Support new hunyuan video i2v model.

Use the new "v2 (replace)" guidance type in HunyuanImageToVideo and set image_interleave to 4 on the "Text Encode Hunyuan Video" node.
2025-09-15 05:57:57 +00:00 · 2025-03-08 20:25:14 -05:00
parent 0952569493
commit 7395b0c0d1
4 changed files with 72 additions and 24 deletions
--- a/comfy/ldm/hunyuan_video/model.py
+++ b/comfy/ldm/hunyuan_video/model.py
@@ -227,6 +227,7 @@ class HunyuanVideo(nn.Module):
        timesteps: Tensor,
        y: Tensor,
        guidance: Tensor = None,
+        guiding_frame_index=None,
        control=None,
        transformer_options={},
    ) -> Tensor:
@@ -237,7 +238,15 @@ class HunyuanVideo(nn.Module):
        img = self.img_in(img)
        vec = self.time_in(timestep_embedding(timesteps, 256, time_factor=1.0).to(img.dtype))

-        vec = vec + self.vector_in(y[:, :self.params.vec_in_dim])
+        if guiding_frame_index is not None:
+            token_replace_vec = self.time_in(timestep_embedding(guiding_frame_index, 256, time_factor=1.0))
+            vec_ = self.vector_in(y[:, :self.params.vec_in_dim])
+            vec = torch.cat([(vec_ + token_replace_vec).unsqueeze(1), (vec_ + vec).unsqueeze(1)], dim=1)
+            frame_tokens = (initial_shape[-1] // self.patch_size[-1]) * (initial_shape[-2] // self.patch_size[-2])
+            modulation_dims = [(0, frame_tokens, 0), (frame_tokens, None, 1)]
+        else:
+            vec = vec + self.vector_in(y[:, :self.params.vec_in_dim])
+            modulation_dims = None

        if self.params.guidance_embed:
            if guidance is not None:
@@ -271,7 +280,7 @@ class HunyuanVideo(nn.Module):
                txt = out["txt"]
                img = out["img"]
            else:
-                img, txt = block(img=img, txt=txt, vec=vec, pe=pe, attn_mask=attn_mask)
+                img, txt = block(img=img, txt=txt, vec=vec, pe=pe, attn_mask=attn_mask, modulation_dims=modulation_dims)
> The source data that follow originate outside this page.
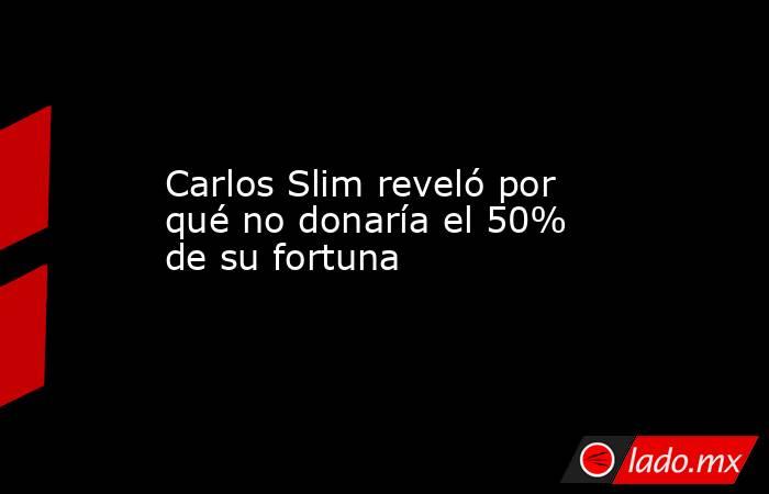 El empresario Carlos Slim reveló que no donaría el 50% de su fortuna porque el dinero no solucionaría todos los problemas sociales, e hizo un hincapié en lo que realiza Bill Gates en su fundación.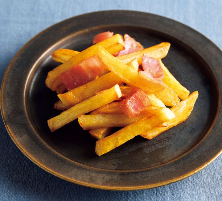 (2)フライパンにサラダ油を弱めの中火で熱し、じゃがいもの水けを拭き取って入れる。ときどき返しながら、10分ほど炒める。じゃがいもの表面がカリッとしたら余分な油を拭き取り、ベーコンを加えてさっと炒める。バター、しょうゆを加えて炒め合わせる。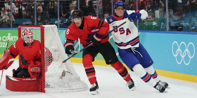 Les Canadiens à la fin de la demi-finale du tournoi de hockey sur glace masculin face à la Finlande aux Jeux olympiques d’hiver de Milan-Cortina, le 20 février 2026.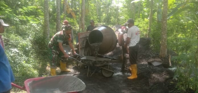 Lumajang – Upaya peningkatan infrastruktur desa terus dilakukan melalui semangat gotong royong bersama warga. Babinsa Tunjung Koramil 0821-04/Gucialit, Serma Masruri, melaksanakan kegiatan pendampingan kerja bakti pembangunan jalan rabat beton sepanjang 100 meter di Dusun Sekar Tanjung RT 003 RW 003 Desa Tunjung, Kecamatan Gucialit, Kabupaten Lumajang, pada Minggu (5/4/2026).

            if control is not None: # Controlnet
                control_i = control.get("input")
@@ -292,7 +301,7 @@ class HunyuanVideo(nn.Module):
                out = blocks_replace[("single_block", i)]({"img": img, "vec": vec, "pe": pe, "attention_mask": attn_mask}, {"original_block": block_wrap})
                img = out["img"]
            else:
-                img = block(img, vec=vec, pe=pe, attn_mask=attn_mask)
+                img = block(img, vec=vec, pe=pe, attn_mask=attn_mask, modulation_dims=modulation_dims)

            if control is not None: # Controlnet
                control_o = control.get("output")
@@ -303,7 +312,7 @@ class HunyuanVideo(nn.Module):

        img = img[:, : img_len]

-        img = self.final_layer(img, vec)  # (N, T, patch_size ** 2 * out_channels)
+        img = self.final_layer(img, vec, modulation_dims=modulation_dims)  # (N, T, patch_size ** 2 * out_channels)
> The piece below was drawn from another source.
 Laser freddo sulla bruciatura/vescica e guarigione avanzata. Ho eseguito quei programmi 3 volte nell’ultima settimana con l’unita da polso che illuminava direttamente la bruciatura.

        shape = initial_shape[-3:]
        for i in range(len(shape)):
@@ -313,7 +322,7 @@ class HunyuanVideo(nn.Module):
        img = img.reshape(initial_shape[0], self.out_channels, initial_shape[2], initial_shape[3], initial_shape[4])
        return img

-    def forward(self, x, timestep, context, y, guidance=None, attention_mask=None, control=None, transformer_options={}, **kwargs):
+    def forward(self, x, timestep, context, y, guidance=None, attention_mask=None, guiding_frame_index=None, control=None, transformer_options={}, **kwargs):
        bs, c, t, h, w = x.shape
        patch_size = self.patch_size
        t_len = ((t + (patch_size[0] // 2)) // patch_size[0])
@@ -325,5 +334,5 @@ class HunyuanVideo(nn.Module):
        img_ids[:, :, :, 2] = img_ids[:, :, :, 2] + torch.linspace(0, w_len - 1, steps=w_len, device=x.device, dtype=x.dtype).reshape(1, 1, -1)
        img_ids = repeat(img_ids, "t h w c -> b (t h w) c", b=bs)
        txt_ids = torch.zeros((bs, context.shape[1], 3), device=x.device, dtype=x.dtype)
-        out = self.forward_orig(x, img_ids, context, txt_ids, attention_mask, timestep, y, guidance, control, transformer_options)
+        out = self.forward_orig(x, img_ids, context, txt_ids, attention_mask, timestep, y, guidance, guiding_frame_index, control, transformer_options)
        return out